The Events Corporation reported earnings of $2 per share last period. Its dividend payout ratio is 60% of earnings. What should an investor pay for this dividend-paying stock if earnings are projected to increase at 8% annually and the investor’s required rate of return is 10%
Answer-
Events Corporation details
Earnings = $ 2 / share
Dividend payout ratio = 60 % = 0.60
Dividend / share ( D(0) ) = $ 2 x 0.60 = $ 1.2
Earnings growth annually = 8 % = 0.08
V(0) = D(1) / ( r -g )
[ V(0) - value of stock today, D(1) - Dividend next year, r -
required rate of return, g -growth rate of dividends]
r = required rate of return = 10 % = 0.10
g = growth rate of dividends = 8 % = 0.08
V(0) = D (0) x ( 1 + 0.08 ) / ( 0.1 - 0.08) [ D(0) - $ 1.2 ]

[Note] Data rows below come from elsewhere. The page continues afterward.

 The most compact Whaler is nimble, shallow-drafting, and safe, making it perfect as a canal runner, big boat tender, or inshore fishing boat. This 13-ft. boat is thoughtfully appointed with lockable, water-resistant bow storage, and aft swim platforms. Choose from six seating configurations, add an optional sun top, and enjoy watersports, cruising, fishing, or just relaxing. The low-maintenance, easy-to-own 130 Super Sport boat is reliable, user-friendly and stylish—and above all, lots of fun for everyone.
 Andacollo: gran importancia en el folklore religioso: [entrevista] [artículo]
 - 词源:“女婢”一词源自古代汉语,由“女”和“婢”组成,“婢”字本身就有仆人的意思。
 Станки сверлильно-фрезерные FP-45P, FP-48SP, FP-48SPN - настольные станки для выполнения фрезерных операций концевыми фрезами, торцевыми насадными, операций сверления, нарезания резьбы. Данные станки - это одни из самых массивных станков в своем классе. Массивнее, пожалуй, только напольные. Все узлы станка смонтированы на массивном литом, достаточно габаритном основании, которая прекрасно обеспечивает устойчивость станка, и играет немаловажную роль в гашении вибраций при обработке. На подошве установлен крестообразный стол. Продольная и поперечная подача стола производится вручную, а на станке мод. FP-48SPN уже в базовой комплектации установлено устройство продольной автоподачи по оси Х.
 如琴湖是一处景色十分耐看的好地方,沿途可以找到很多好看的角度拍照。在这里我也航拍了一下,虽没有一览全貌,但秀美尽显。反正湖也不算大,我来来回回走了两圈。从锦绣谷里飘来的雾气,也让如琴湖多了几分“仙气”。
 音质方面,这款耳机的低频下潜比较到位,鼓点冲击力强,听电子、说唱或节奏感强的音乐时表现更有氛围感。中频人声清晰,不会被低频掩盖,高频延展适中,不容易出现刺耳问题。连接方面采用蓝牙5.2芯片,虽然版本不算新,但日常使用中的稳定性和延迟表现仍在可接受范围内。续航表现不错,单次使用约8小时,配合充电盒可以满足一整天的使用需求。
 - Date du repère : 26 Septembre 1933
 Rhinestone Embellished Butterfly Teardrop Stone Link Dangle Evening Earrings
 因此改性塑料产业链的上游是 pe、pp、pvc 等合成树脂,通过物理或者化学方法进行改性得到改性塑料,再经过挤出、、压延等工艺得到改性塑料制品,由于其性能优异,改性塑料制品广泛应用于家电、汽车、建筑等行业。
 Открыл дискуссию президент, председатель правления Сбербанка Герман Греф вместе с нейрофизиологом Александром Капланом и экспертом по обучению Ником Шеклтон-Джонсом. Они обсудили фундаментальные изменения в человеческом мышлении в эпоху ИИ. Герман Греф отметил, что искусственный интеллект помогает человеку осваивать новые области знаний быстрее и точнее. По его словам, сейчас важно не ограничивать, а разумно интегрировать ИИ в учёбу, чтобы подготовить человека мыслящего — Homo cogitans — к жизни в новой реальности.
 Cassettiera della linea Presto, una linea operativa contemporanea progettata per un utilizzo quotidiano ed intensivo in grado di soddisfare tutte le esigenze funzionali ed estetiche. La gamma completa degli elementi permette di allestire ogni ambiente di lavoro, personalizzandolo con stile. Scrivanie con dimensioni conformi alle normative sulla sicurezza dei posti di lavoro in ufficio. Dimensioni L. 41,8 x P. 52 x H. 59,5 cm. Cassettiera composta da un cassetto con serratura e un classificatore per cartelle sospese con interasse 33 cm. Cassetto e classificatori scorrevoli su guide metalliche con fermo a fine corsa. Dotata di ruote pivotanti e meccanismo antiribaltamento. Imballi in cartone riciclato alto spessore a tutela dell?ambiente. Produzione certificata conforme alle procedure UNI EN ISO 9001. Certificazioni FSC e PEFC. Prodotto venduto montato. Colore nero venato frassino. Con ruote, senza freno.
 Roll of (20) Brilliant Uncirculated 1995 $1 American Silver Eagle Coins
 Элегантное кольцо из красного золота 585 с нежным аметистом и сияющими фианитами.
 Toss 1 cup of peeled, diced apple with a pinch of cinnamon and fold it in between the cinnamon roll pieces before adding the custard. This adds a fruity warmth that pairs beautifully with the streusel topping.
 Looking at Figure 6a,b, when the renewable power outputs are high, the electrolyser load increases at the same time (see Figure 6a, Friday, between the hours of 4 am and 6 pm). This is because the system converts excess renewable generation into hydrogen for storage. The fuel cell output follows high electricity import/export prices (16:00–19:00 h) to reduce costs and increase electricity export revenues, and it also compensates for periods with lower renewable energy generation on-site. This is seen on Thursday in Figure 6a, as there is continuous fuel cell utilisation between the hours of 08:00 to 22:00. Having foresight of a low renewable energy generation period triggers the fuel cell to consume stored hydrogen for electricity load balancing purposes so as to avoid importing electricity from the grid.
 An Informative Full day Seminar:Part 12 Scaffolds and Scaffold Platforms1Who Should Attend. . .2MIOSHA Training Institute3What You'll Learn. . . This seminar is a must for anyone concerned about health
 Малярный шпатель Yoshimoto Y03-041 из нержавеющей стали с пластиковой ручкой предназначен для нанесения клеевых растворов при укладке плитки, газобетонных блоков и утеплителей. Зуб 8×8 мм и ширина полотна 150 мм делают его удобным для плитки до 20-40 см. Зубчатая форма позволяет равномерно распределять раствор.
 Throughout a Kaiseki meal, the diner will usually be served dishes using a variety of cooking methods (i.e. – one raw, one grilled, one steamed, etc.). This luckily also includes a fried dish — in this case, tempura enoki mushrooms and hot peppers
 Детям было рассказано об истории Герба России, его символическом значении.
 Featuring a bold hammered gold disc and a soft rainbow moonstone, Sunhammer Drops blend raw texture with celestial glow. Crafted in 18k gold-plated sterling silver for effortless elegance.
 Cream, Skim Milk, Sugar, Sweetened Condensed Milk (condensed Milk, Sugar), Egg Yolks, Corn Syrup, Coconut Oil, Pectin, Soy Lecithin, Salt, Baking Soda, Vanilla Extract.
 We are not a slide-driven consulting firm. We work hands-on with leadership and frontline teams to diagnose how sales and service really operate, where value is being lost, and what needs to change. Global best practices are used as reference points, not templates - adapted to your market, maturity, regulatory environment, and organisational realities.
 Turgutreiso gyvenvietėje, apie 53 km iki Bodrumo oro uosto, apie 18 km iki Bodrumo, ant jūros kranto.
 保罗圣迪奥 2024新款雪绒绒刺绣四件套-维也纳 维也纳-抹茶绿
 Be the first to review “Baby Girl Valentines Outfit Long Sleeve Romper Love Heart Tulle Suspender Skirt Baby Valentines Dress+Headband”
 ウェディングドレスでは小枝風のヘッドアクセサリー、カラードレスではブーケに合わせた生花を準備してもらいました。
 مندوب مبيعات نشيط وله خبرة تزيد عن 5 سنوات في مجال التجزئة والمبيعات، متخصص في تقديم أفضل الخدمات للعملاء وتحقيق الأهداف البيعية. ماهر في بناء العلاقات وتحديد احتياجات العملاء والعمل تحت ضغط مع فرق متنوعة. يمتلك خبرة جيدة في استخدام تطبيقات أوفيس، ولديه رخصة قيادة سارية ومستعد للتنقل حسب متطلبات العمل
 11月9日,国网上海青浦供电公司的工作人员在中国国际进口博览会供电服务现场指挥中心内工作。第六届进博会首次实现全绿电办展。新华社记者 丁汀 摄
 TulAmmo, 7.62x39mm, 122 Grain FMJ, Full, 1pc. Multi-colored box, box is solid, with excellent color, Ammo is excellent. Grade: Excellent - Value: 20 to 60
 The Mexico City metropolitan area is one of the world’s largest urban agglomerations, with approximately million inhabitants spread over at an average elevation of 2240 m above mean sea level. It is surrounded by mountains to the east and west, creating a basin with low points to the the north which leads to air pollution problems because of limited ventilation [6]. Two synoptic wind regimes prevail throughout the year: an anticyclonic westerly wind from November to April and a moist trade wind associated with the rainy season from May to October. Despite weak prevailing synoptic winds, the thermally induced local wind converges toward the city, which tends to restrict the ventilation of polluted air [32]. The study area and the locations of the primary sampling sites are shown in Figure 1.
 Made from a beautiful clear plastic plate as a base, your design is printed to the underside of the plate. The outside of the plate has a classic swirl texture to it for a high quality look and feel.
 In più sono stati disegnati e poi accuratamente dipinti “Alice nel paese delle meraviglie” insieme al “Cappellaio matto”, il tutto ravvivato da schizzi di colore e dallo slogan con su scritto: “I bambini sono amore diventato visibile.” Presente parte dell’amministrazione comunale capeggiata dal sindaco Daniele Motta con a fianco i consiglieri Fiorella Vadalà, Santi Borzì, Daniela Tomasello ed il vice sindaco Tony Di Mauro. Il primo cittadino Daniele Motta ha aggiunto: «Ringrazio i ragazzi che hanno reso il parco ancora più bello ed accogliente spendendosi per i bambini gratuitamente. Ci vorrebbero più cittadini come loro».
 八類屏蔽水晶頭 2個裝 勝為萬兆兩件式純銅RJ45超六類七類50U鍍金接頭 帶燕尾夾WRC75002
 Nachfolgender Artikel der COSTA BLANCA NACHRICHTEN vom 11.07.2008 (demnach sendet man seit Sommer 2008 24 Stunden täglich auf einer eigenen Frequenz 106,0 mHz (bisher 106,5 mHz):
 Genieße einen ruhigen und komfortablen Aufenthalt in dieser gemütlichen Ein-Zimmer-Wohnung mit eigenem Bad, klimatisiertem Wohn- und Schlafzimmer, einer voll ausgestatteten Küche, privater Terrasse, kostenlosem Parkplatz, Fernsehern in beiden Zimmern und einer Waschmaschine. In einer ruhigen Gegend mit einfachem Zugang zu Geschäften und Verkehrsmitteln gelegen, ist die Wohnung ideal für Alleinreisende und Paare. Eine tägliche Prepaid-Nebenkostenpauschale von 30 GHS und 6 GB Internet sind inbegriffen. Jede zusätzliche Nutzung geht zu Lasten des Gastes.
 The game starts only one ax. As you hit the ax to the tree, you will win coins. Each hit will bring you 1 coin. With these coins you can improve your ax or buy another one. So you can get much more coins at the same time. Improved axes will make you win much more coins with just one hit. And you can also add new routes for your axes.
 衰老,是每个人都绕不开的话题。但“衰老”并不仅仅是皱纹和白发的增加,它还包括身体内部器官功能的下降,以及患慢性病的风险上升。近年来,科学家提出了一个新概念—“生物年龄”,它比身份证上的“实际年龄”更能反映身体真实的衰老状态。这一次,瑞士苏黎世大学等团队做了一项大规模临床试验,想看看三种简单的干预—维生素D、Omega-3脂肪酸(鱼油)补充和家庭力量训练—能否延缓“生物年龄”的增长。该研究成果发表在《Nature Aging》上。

[ Earnings are projected to grow at 8 % annually so the dvidends will also grow by 8 % annually as the dividends are proportinally 60 % of earnings ]
V(0) = $ 1.2 x ( 1.08) / ( 0.1 - 0.08)
V(0) = $ 1.296 / 0.02
V(0) = $ 64.8
Therefore the investor should pay $ 64.8 for the stock today.